Frequent monitoring for symptoms is important, with specific attention to complaints of angina. Management should focus on optimizing therapy, treating other conditions that may contribute to symptoms (i.e. anemia), and management of CAD risk factors (note: total cholesterol, LDL, and triglyceride levels can increase during pregnancy).

In women with reduced LVEF due to a previous MI, concurrent management of heart failure may be necessary. Particular attention should be focused on the recognition of ventricular arrhythmias.

In women who develop new/worsening angina or an acute coronary syndrome (ACS) during pregnancy, both maternal and fetal considerations should influence the therapeutic approach. In the setting of an ACS, close monitoring of the mother and fetus should take place in an intensive care unit. Criteria for the diagnosis of AMI are the same as the general population. In terms of biomarkers, troponins are preferred to CK for the diagnosis of AMI due to the physiological increase in CK levels during labor and delivery. (8)

The treatment of pregnant women with an ST-elevation MI (STEMI) and its potential complications should follow the usual standard of care, although both maternal and fetal considerations will affect therapy.

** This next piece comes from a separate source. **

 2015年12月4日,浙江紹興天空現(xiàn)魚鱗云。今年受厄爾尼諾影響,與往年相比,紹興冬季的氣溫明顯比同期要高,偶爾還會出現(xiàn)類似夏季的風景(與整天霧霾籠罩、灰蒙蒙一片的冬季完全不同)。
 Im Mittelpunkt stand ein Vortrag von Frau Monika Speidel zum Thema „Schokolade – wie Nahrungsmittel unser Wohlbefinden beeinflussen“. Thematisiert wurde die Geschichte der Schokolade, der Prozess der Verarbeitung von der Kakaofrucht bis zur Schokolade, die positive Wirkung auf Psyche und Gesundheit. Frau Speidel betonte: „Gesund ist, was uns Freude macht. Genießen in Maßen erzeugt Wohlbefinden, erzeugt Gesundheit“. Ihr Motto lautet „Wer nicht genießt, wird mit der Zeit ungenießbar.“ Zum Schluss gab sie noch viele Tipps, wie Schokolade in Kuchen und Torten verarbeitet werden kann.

Thrombolytic therapy is relatively contraindicated in pregnancy. Although teratogenicity has not been reported with thrombolytics, the reported risk of maternal hemorrhage is 8%. An invasive strategy for accurate diagnosis with a view to coronary revascularization with PCI in the event of atherosclerosis, management of dissection when found, and management of coronary thrombosis/embolism/spasm if found, is the preferred approach in women presenting with a STEMI.


Labour and delivery

Labour and delivery should be planned carefully with a multidisciplinary team well in advance. It is important to communicate the delivery plan to the woman and to other physicians involved in her care. The best delivery plan is not useful if information is not readily available when needed.

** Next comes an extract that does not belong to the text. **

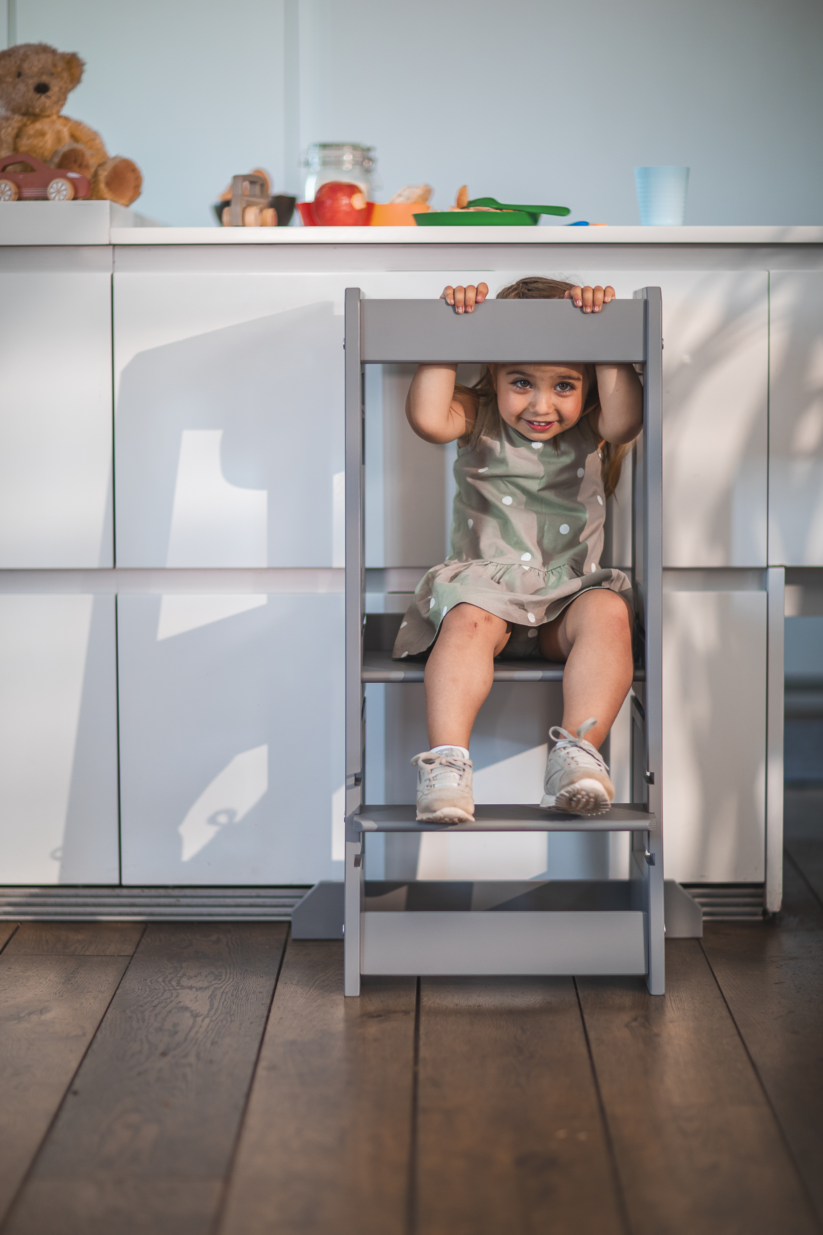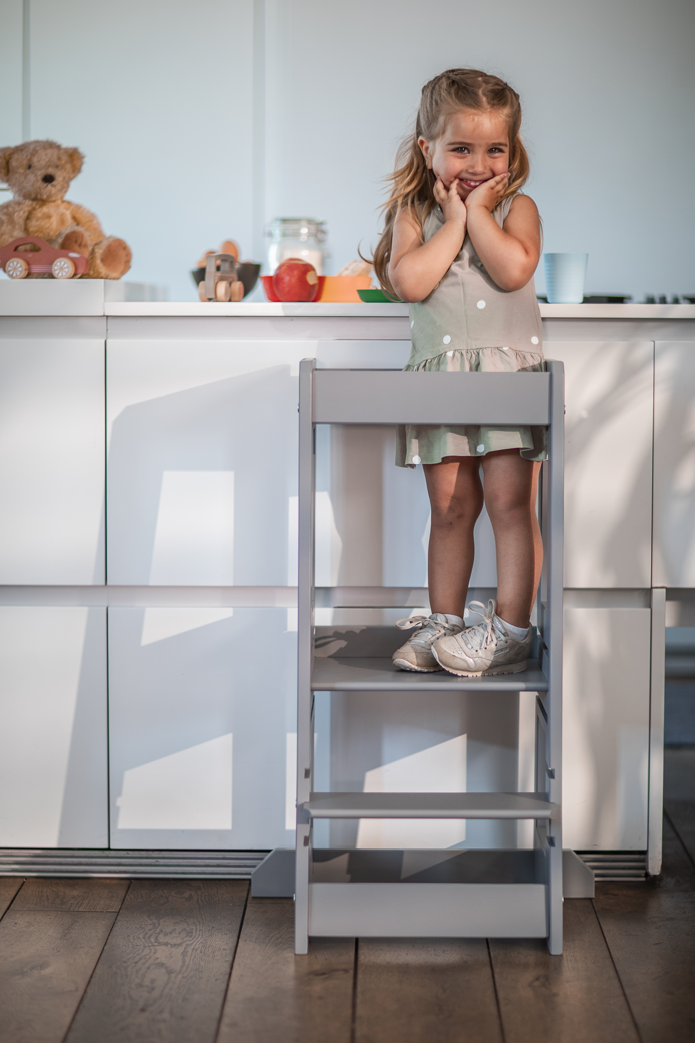 Un modèle évolutif : les tout-petits peuvent ainsi être à hauteur de plan de travail et aider dans la cuisine

Generally, vaginal deliveries are recommended unless there are obstetric indications for a cesarean delivery. Good pain management for labour and delivery is very important in order to minimize maternal cardiac stress. To decrease maternal expulsive efforts during the second stage of labour, forceps or vacuum delivery is often utilized. To decrease potential harmful complications from difficult mid cavity-assisted delivery, uterine contractions are often utilized to facilitate the initial descent of the presenting part.

Because of the increased hemodynamic stress associated with labour, it has been recommended that induction of labour or scheduled cesarean section be delayed, if possible, for at least two to three weeks after an acute MI. However, there are no clinical trials that have prospectively evaluated the optimal timing of surgical procedures or labor and delivery after an acute (one to seven days) or recent (7 to 30 days) MI, especially in the current era of cardiac therapies and modern anesthesia.

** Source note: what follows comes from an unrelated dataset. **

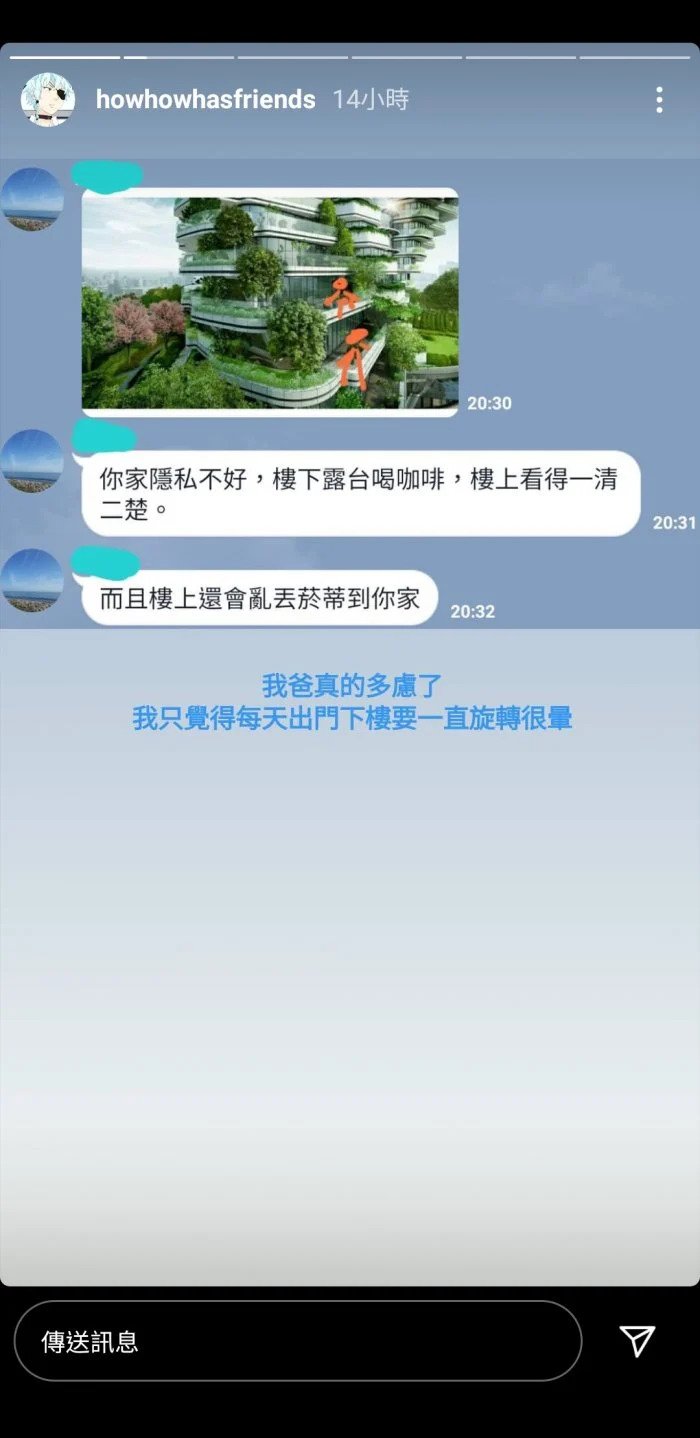 HowHow日前在IG限時動態上傳了跟父親的對話截圖,How爸傳了一張陶朱隱園的照片給HowHow,並寫上「你家隱私不好,樓下露台喝咖啡,樓上看得一清二楚,而且樓上還會亂丟煙蒂到你家。」HowHow則在IG表示:「我爸真的多慮了,我只覺得每天出門下樓要一直旋轉很暈。」

The need for maternal monitoring at the time of labour and delivery is dictated by the women’s clinical status, the absence/presence of CAD symptoms, and the degree of ventricular dysfunction.


Post Partum Care

The immediate post partum period is associated with a large hemodynamic load on the heart because of enhanced venous return with relief of caval compression and additional blood into the systemic circulation from the contracting emptied uterus. Women with underlying CAD may be at higher risk for AMI during this period because of increased myocardial oxygen demand and the prothrombotic milieu.

The hemodynamic changes of pregnancy may take up to six months to normalize. Women should be seen early after pregnancy (usually within 6-8 weeks). The frequency of additional follow up visits should be dictated by the clinical status of the women.